SECURITIES AND EXCHANGE COMMISSION

Washington, D.C.  20549

 

FORM 8-K

 

CURRENT REPORT

Pursuant to Section 13 or 15(d) of

The Securities Exchange Act of 1934

 

Date of Report (Date of earliest event reported): April 7, 2021 (April 5, 2021)

 

Riot Blockchain, Inc.

(Exact name of registrant as specified in its charter)

 

Nevada   001-33675   84-1553387
(State or other jurisdiction of incorporation)   (Commission File Number)   (I.R.S. Employer Identification No.)

 

  202 6th Street, Suite 401, Castle Rock, CO 80104  
  (Address of principal executive offices)   

 

  (303) 794-2000  
  (Registrant’s telephone number, including area code)  

 

 

(Former name, former address, and former fiscal year, if changed since last report.)

 

Check the appropriate box below if the Form 8-K filing is intended to simultaneously satisfy the filing obligation of the registrant under any of the following provisions:

 

  Written communications pursuant to Rule 425 under the Securities Act (17 CFR 230.425)
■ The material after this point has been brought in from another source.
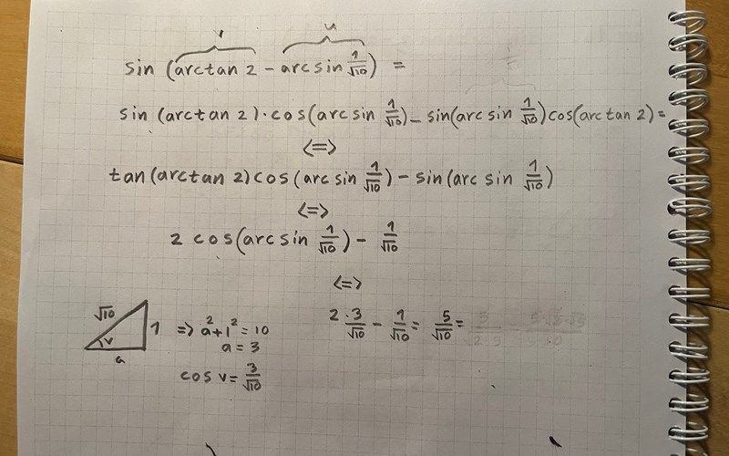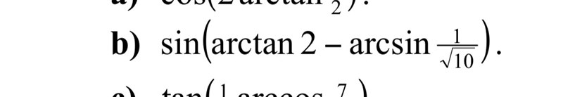 Envariabelsanalys. Beräkna sin(arctan 2 - arcsin 1/sqrt(10))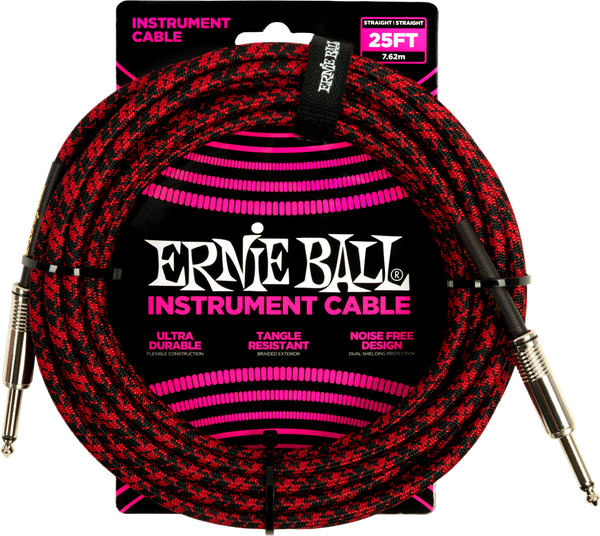 Ernie Ball 25Ft Braided Straight-Straight Red Black

  Soliciting material pursuant to Rule 14a-12 under the Exchange Act (17 CFR 240.14a-12)

  Pre-commencement communications pursuant to Rule 14d-2(b) under the Exchange Act (17 CFR 240.14d-2(b))
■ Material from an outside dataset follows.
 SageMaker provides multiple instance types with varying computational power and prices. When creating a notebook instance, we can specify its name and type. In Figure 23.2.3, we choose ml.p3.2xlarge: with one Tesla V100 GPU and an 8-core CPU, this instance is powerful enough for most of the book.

  Pre-commencement communications pursuant to Rule 13e-4(c) under the Exchange Act (17 CFR 240.13e-4(c))

 

Title of each class   Trading Symbol(s)   Name of each exchange on which registered
Common Stock   RIOT  

NASDAQ Capital Market

 

Indicate by check mark whether the registrant is an emerging growth company as defined in Rule 405 of the Securities Act of 1933 (§230.405 of this chapter) or Rule 12b-2 of the Securities Exchange Act of 1934 (§240.12b-2 of this chapter).

 

Emerging growth company 

 

If an emerging growth company, indicate by check mark if the registrant has elected not to use the extended transition period for complying with any new or revised financial accounting standards provided pursuant to Section 13(a) of the Exchange Act. 

 

 
 
 

 

 

Item 1.01 – Entry into a Material Definitive Agreement.
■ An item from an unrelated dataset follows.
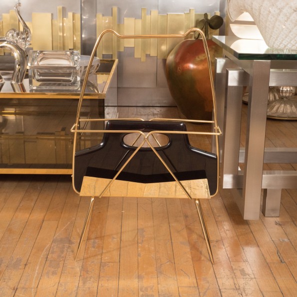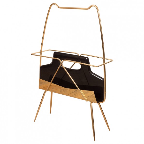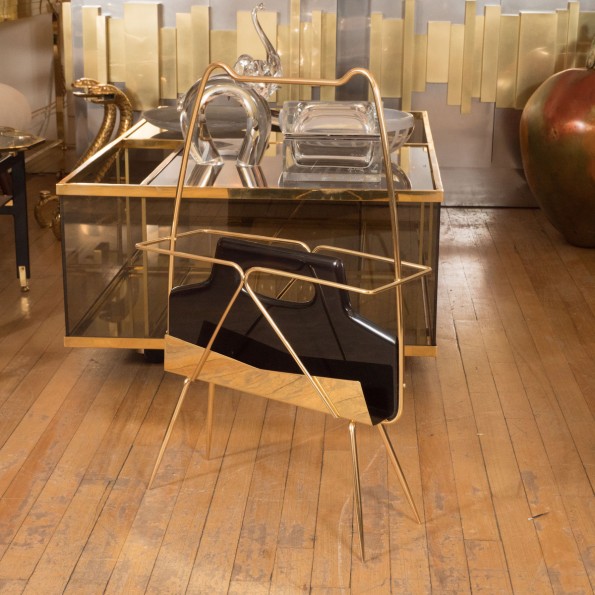 Brass and ebonized wood magazine rack

On April 5, 2021, Riot Blockchain, Inc. (“Riot,” “us,” “we,” “our,” or the “Corporation”) entered into a Future Sales and Purchases Agreement (the “Long-Term Purchase Agreement”) with Bitmain Technologies Limited (“Bitmain”) to acquire approximately 42,000 additional Antminer model S19j (90 Terahash per second (“TH/s”) or better) digital currency miners (the “Miners”) capable of producing approximately 3.7 exahash per second (“EH/s”) of mining power in the aggregate. Bitmain is scheduled to manufacture these new Miners in 12 batches of approximately 3,500 Miners (each, a “Batch”), which will be delivered, on a monthly basis, between November 2021 and October 2022. Pursuant to the Long-Term Purchase Agreement, Riot will pay Bitmain approximately $138.5 million (subject to adjustments, offsets and costs as set forth in the Long-Term Purchase Agreement) (the “Purchase Price”), payable as follows: (i) 20% of the Purchase Price as a refundable down payment in connection with the execution of the Long-Term Purchase Agreement; (ii) 30% of the Purchase Price per Batch due 6 months in advance of the shipment date for such Batch; and (iii) the remaining 50% per Batch due 30 days in advance of the shipment date for such Batch.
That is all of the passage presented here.